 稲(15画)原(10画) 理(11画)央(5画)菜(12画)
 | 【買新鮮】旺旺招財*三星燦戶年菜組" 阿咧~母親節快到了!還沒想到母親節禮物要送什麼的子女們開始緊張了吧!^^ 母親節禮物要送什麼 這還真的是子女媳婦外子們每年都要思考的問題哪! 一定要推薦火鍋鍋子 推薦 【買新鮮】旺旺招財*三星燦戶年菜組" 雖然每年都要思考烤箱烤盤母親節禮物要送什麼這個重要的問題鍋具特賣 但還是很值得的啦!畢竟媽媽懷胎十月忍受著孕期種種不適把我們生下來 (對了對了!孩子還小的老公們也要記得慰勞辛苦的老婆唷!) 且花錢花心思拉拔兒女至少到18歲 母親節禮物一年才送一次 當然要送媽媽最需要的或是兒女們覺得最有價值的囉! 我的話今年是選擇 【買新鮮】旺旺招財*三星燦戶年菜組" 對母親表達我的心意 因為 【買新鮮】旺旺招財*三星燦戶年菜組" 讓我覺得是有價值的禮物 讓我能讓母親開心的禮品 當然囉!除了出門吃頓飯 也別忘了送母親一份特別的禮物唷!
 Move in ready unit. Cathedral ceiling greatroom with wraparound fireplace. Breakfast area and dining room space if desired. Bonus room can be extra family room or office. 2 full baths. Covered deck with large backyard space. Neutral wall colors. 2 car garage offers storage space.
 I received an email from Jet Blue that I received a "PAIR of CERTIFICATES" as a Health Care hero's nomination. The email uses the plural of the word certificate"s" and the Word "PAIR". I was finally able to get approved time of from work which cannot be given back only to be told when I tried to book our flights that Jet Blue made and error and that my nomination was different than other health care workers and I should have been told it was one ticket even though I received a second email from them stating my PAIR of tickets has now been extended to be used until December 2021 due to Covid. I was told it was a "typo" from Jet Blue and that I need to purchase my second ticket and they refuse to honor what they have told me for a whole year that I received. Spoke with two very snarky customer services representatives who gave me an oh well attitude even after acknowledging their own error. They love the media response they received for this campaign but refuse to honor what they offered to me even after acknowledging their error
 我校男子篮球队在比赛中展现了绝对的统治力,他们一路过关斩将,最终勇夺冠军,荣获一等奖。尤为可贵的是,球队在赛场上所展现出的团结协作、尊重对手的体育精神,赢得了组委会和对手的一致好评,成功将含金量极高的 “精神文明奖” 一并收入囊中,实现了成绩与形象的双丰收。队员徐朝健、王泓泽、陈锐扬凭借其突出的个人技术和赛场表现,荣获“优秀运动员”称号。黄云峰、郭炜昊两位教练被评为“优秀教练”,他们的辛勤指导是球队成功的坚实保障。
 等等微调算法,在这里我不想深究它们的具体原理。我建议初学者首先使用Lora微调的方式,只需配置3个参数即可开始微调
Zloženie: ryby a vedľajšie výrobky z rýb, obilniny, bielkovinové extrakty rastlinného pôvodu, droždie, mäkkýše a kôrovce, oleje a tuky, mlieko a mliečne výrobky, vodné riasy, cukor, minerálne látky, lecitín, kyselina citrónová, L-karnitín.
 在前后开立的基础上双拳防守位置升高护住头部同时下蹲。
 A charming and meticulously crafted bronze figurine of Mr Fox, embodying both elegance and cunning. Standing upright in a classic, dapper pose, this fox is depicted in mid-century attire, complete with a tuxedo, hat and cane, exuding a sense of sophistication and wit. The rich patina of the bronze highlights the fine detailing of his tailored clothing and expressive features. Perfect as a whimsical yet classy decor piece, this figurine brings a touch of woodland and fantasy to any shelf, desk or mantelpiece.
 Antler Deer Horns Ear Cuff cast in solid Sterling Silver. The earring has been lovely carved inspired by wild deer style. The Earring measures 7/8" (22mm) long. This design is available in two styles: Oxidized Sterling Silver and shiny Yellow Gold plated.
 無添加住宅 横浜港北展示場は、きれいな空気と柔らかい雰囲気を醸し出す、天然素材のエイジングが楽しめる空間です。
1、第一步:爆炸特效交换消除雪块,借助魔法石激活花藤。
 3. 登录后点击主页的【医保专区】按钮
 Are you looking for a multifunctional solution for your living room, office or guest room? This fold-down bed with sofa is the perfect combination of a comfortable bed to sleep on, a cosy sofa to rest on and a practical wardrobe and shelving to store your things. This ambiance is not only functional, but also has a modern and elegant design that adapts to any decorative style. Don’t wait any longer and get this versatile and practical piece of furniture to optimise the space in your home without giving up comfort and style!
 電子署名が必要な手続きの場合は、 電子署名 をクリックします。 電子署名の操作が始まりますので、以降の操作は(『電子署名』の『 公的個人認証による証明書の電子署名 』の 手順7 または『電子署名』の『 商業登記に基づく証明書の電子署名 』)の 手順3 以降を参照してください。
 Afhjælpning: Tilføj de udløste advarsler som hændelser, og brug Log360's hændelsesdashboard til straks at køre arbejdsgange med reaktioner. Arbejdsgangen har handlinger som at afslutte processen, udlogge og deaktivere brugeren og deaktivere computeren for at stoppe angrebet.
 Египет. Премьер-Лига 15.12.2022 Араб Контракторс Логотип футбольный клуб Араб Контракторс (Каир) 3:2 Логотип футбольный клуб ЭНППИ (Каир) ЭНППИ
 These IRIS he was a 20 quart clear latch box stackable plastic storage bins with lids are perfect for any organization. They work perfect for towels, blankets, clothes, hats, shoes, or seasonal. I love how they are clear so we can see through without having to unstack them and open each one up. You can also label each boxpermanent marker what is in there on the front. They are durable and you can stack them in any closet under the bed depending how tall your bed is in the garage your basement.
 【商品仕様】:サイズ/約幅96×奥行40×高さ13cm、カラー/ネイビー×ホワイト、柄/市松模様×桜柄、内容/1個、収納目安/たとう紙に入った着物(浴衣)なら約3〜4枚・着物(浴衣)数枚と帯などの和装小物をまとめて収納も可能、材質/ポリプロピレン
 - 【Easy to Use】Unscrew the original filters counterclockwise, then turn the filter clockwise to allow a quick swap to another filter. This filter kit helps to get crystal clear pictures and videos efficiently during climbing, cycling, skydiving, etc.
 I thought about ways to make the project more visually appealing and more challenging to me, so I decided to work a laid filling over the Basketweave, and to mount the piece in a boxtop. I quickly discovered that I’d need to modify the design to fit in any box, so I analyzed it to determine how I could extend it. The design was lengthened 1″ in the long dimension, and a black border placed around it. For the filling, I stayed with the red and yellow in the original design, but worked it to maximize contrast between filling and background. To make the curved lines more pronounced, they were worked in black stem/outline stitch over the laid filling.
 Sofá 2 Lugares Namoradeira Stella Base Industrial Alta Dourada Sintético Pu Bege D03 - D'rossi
☆ ☆ ☆ ☆ ☆
BRIEF
Set down, exactly as written, each line of the data from its opening line through the one containing "讓我能讓母親開心的禮品 當然囉!除了出門吃頓飯 也別忘了送母親一份特別的禮物唷!". Output nothing more.

TASK SOLUTION
 稲(15画)原(10画) 理(11画)央(5画)菜(12画)
 | 【買新鮮】旺旺招財*三星燦戶年菜組" 阿咧~母親節快到了!還沒想到母親節禮物要送什麼的子女們開始緊張了吧!^^ 母親節禮物要送什麼 這還真的是子女媳婦外子們每年都要思考的問題哪! 一定要推薦火鍋鍋子 推薦 【買新鮮】旺旺招財*三星燦戶年菜組" 雖然每年都要思考烤箱烤盤母親節禮物要送什麼這個重要的問題鍋具特賣 但還是很值得的啦!畢竟媽媽懷胎十月忍受著孕期種種不適把我們生下來 (對了對了!孩子還小的老公們也要記得慰勞辛苦的老婆唷!) 且花錢花心思拉拔兒女至少到18歲 母親節禮物一年才送一次 當然要送媽媽最需要的或是兒女們覺得最有價值的囉! 我的話今年是選擇 【買新鮮】旺旺招財*三星燦戶年菜組" 對母親表達我的心意 因為 【買新鮮】旺旺招財*三星燦戶年菜組" 讓我覺得是有價值的禮物 讓我能讓母親開心的禮品 當然囉!除了出門吃頓飯 也別忘了送母親一份特別的禮物唷!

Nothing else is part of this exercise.